Как сладок миг, когда большевик отказывается от себя самого и от Революции во имя теперь уже непременно безответной любви к великой княжне. Когда он забывает, что утонченная нежность, воспоминание о которой его сразило, дистиллировалась веками из пота и крови его предков. Верующий не вызывает интереса, интерес вызывает тот, кто меняет веру. Непоколебимый патриот, пламенный революционер, целомудренный монах одинаково достойны хвалебной эпитафии и зевка. Благодаря ренегатам мир движется вперед. Я всегда считал, что местность, куда отправятся герои, называется ли она Валгалла или как-то еще, должна быть довольно мрачной: там завывают горны, развеваются штандарты и атлетически сложенные гетеры в награду занимаются с прибывшими тяжелой любовной гимнастикой. И наоборот, подземелье, куда сваливают отщепенцев, должно быть местом, располагающим к фантазии: там наверняка роятся самые непростые дамочки, с которыми вполне можно завести содержательный разговор. Это не означает, полагаю, что надо целый день напролет спариваться, как макаки, довольно скучная награда, однако в многочисленных культурах, пугающе многочисленных, это, сдается, единственное, чем озабочены безмозглые существа, способные убивать друг друга за возвышенную идею.

Как в каждом человеке, во мне, конечно, есть и что-то революционное. Мне, например, не нравится, когда восхваляют геноцид, который цари вдохновляли или которому они попустительствовали во имя усиления империи. Это следует отметить, чтобы правильно понять то, что я сейчас скажу: во всей Русской Революции меня больше всего поразил большевик, который дал слабину и погряз в порочной страсти к дочери тирана.
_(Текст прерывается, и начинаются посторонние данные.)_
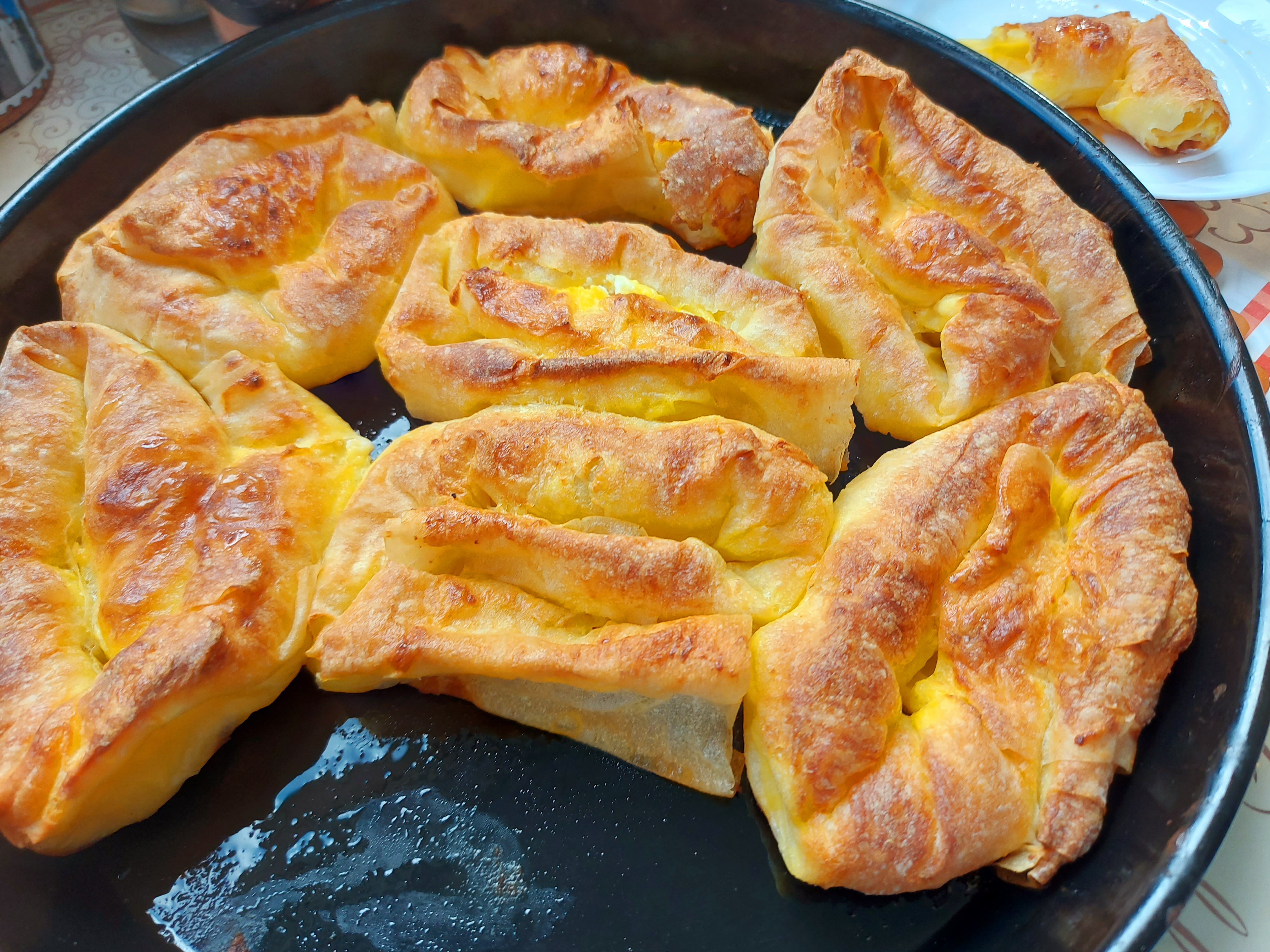 Пећи на 200 степени Ц око 45 мин да добро зарумене и буду хрскаве. Уз чашу јогурта фантастичана хрскава пита коју ће те појести сви у сласт нарочито ако сте гладни.

Возможно, такого большевика и не было, и бесспорно, что тот бунт был эпической кульминацией мощного верования. И все равно я настаиваю на сказанном. Верования неизменно проходят один и тот же естественный путь – от мятежа против неправедного верования к новой неправедности, которую необходимо будет разрушить. Страдание же и красота неопровержимы, поскольку не измеряются верованием и не требуют, чтобы верование прислуживало им. Человек ценен не тем, во что он верит, а тем, чего желает и что выстрадал. Какой-нибудь отпетый сукин сын или невинный агнец могут верить во что им вздумается. Избранные же – те, кто познал высокое вдохновение или большую беду. А лучшие из лучших – то и другое.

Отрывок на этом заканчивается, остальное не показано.